PCRE: Perl Compatible Regular Expressions – use syntax widely
used in Perl. Alternate Regular expressions can employ POSIX-extended
syntax.
Target: The text file, web page, or other file that will be
“searched” by the regular expression.
Object: The entity within the target that will be searched
for.
Background Information
When using regular expressions, there is one thing more
important than all the rest. That item is syntax. Without the proper syntax, and
by which the exact definition of what you are searching for is set, the regular
expression can function improperly without limitation or, it can simply not
function at all. In order to alleviate constant syntax problems, a plan of
attack and a bit of patience is usually the key. So, it is usually prudent with
a regular expression, especially depending on the restrictions on has in place,
to first over specify the target and then simplify down. This amount of scrutiny
insures that the object you are searching for is the only one grabbed, instead
of outputting large amounts of unnecessary and unwanted matches.
Prerequisites
As a prerequisite to understanding the Perl Compatible Regular
Expressions, it is recommended that you review:
The links outlined above in the Intended Audience
section
Become familiar and constantly refer to the Pattern Syntax
section of the Zend manual when constructing future regular
expressions:
http://www.zend.com/manual/reference.pcre.pattern.syntax.php
PCRE Syntax
The types of regular expressions that will be covered in this
tutorial are called Perl Compatible Regular Expressions, or PCRE for short. What
this means is that the regular expressions associated with these PHP functions
closely follow the syntax used in Perl regular expressions. This syntax is
primarily used with the PREG functions in PHP, i.e. preg_replace, preg_match,
preg_quote, preg_split, preg_grep, etc. These functions tend to be slightly
faster than their POSIX compatible relatives (eregi, ereg, ereg_replace, etc).
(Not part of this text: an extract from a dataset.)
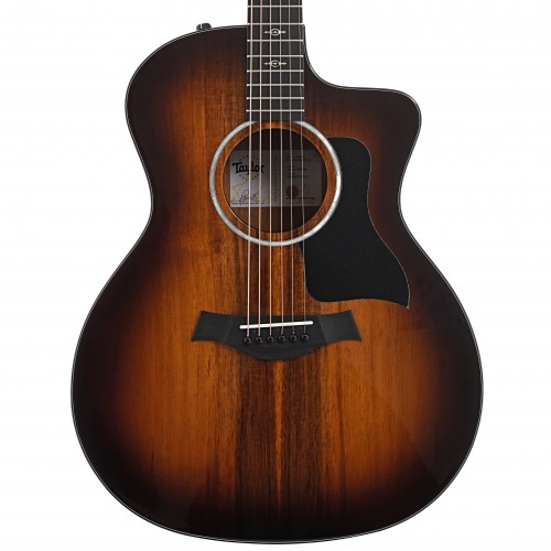 Grand Auditorium sized with cutaway, solid koa top with shaded edgeburst, laminated koa back & sides, sapele neck with ebony fingerboard, black binding, single-ring faux pearl rosette with interlocking “fishbone” pattern, black pickguard, Italian acrylic small diamond fretboard inlays, full-gloss body finish, polished bronze tuners, 1-11/16″ nut width, 25-1/2″ scale length, Expression System 2 pickup, hardshell case included.

The syntax used can be confusing, but insures a very specific set of search
criteria. The best place to find a large portion of this syntax is in the PHP
manual:
http://www.zend.com/manual/reference.pcre.pattern.syntax.php
The first type of syntax to cover involves meta-characters.
These characters are stand in values that cause the expression to behave in a
certain way. They come in most handy because regular expressions are used to
find certain patterns represented by the object you are searching for within a
target. For example, if you were searching for an e-mail address in a Web page,
you would look for the combination of an @ symbol followed by a period and then
a predictable array of endings, i.e. com, org, net, etc. A complete list of
these meta-characters can be found at the aforementioned link, a few of the most
important ones will be illustrated here.
/ indicates a delimiter (used in pattern modifiers or to
begin/end an
expression)
^ indicates the start of the target string to match
$ indicates the end of the target string to match
\ is used as a general escape character
{ } encloses a minimum, maximum value – used to indicate
number of characters in a matching string
( ) encloses a subpattern
| separates alternative patterns
So, for example:
/car/ (note the beginning and closing / for delimiters,
these enclose your expression)
indicates that the regular expression is looking for the
letters “car”. So, if a sentence looked like such:
I own a car now.
A match would be found, and the match would return “car”.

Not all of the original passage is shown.